The ICRC, WHO, and MSF stated they are prepared to provide medical expertise and operational capacity to help states implement the actionable roadmap originally provided by the UN Secretary-General to accompany Resolution 2286.
Urgent Measures for Implementation
To prevent another decade of deteriorating norms and unjustifiable violence, the joint statement calls upon all states to urgently implement several concrete measures:

- Translate existing commitments into concrete actions to implement Resolution 2286 and promote efforts such as the Global IHL initiative’s work on hospital protection.
- Integrate the protection of health care into the doctrine, rules of engagement, and operational guidance of security and armed forces.
- Review, enact, and strengthen domestic laws specifically designed to protect health care during armed conflicts.
- Allocate necessary financial, technical, and operational resources to promote and protect the provision of health care.
- Use all available diplomatic and political means to influence other parties to conflict, including supported proxies, to comply with obligations.
- Conduct transparent, swift, and impartial investigations into attacks on health care to ensure accountability under applicable legal frameworks.
- Provide regular and transparent reporting on the progress, challenges, and lessons learned in the implementation of Resolution 2286.

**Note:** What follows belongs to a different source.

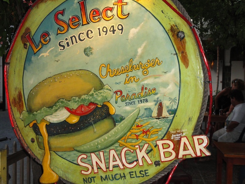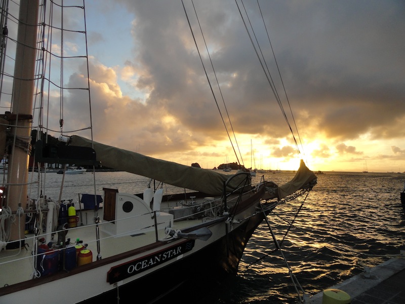 We arrived in St. Barths early in the morning after an exciting night sail from Barbuda. We anchored near the harbor and gave Ostar a nice scrub down before moving her to the dock. With Ocean Star clean and settled starboard-to against the dock (right in front of the Louis Vuitton store, might I add), we enjoyed a few hours of free time in the afternoon. Most of us relaxed onboard and took much-needed naps to recover from the lack of sleep during our night sail; some of us rushed to the showers, and others explored the surrounding streets and shops. After our usual 6 pm Squeeze, we set off to Le Select for dinner. This restaurant inspired Jimmy Buffet to write the song Cheeseburgers in Paradise, so naturally, we ate cheeseburgers (or fish burgers, for some, and fries, of course!) After the meal, we wandered around St. Barths and indulged in plenty of window shopping. Eight of us ended up at La Creperie towards the end of the night. Having crepes for dessert could not have been a better way to end our first day in St. Barths.

The organizations argue that the continued damage to health facilities and the injury of medical workers are not failures of the law itself, but a lack of leadership from world leaders.
The obligation under international humanitarian law (IHL) to “respect and ensure respect…in all circumstances” requires states not only to abide by these rules themselves, but also to use all possible influence to ensure that other states and parties to conflict do the same.Source: Joint call by the President of the ICRC, the Director-General of WHO and the International President of MSF
The joint appeal concludes with a demand for immediate political leadership to end the targeting of medical services, asserting that health care must never be a casualty of war.